March 20, 2020

COVID-19 and Applicability of Force Majeure Clauses under Mexican Law


On March 11, 2020, the World Health Organization (“WHO”) declared the spread of the virus known scientifically as COVID-19 as a pandemic, which resulted in numerous governments taking a series of extraordinary measures that have affected the movement of people and goods. In many cases, these restrictions and difficulties may cause a breach of contract or otherwise complicate a contracting party’s ability to perform and/or comply with its contractual obligations. It is in these cases that force majeure clauses can come into play. Below is a general description of potential legal consequences of this type of case in contractual relationships governed by Mexican law.
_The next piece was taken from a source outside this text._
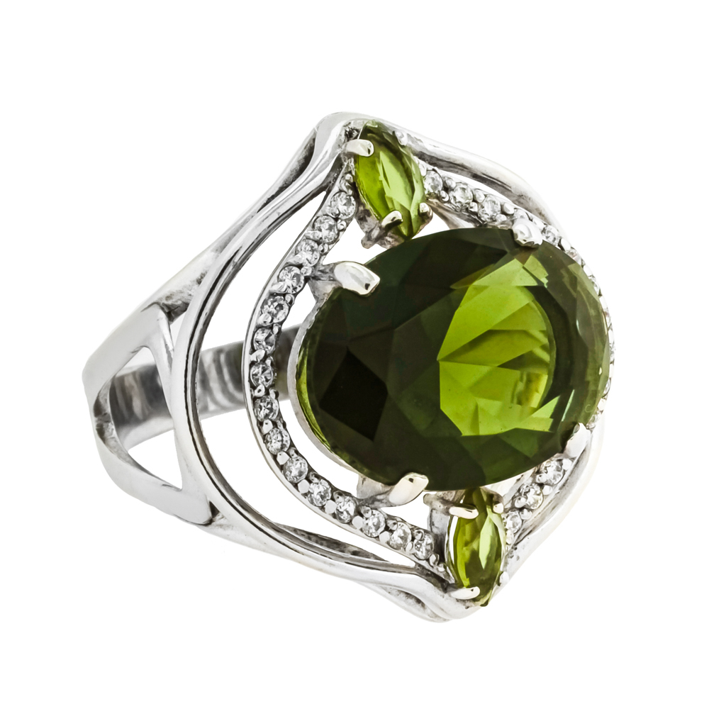 Кольцо | Ситалл Турмалиновый ,Фианит

The declaration of COVID-19 as a pandemic triggered questions regarding potential breaches of contract and the effects of such breaches, including  the question of whether the COVID-19 pandemic can legally be considered an event of force majeure or an “act of God”, which could exempt the parties from performing and bearing the consequences of breaching their contractual obligations (e.g., payment of conventional penalties for delays in deliveries of goods, among others). In a case in which the pandemic results in the contract becoming more onerous for only one of the parties, the affected party may request the contract to be amended in order to restore contractual balance, arguing that the general terms have changed radically, a legal doctrine known as the “theory of unpredictability”.

The answer to the question of whether COVID-19 can be legally considered as an event of force majeure or an Act of God under Mexican law will depend on the following: i) whether the situation makes it absolutely and directly impossible to perform required obligations; ii) whether at the time of entering into such obligations, it was impossible to foresee the circumstance; and iii) whether the damages were clearly caused by matters beyond the parties’ control.

Based on the above, one can preliminarily conclude that Mexican law would not excuse performance and allow for a contract to be breached or terminated if the COVID-19 impacts only complicate performance of a contract, or if necessary measures are not or have not been taken to prevent a breach. A force majeure defense under Mexican law is even less available if a party knowingly allows the circumstances of the pandemic to affect its ability to perform its obligations.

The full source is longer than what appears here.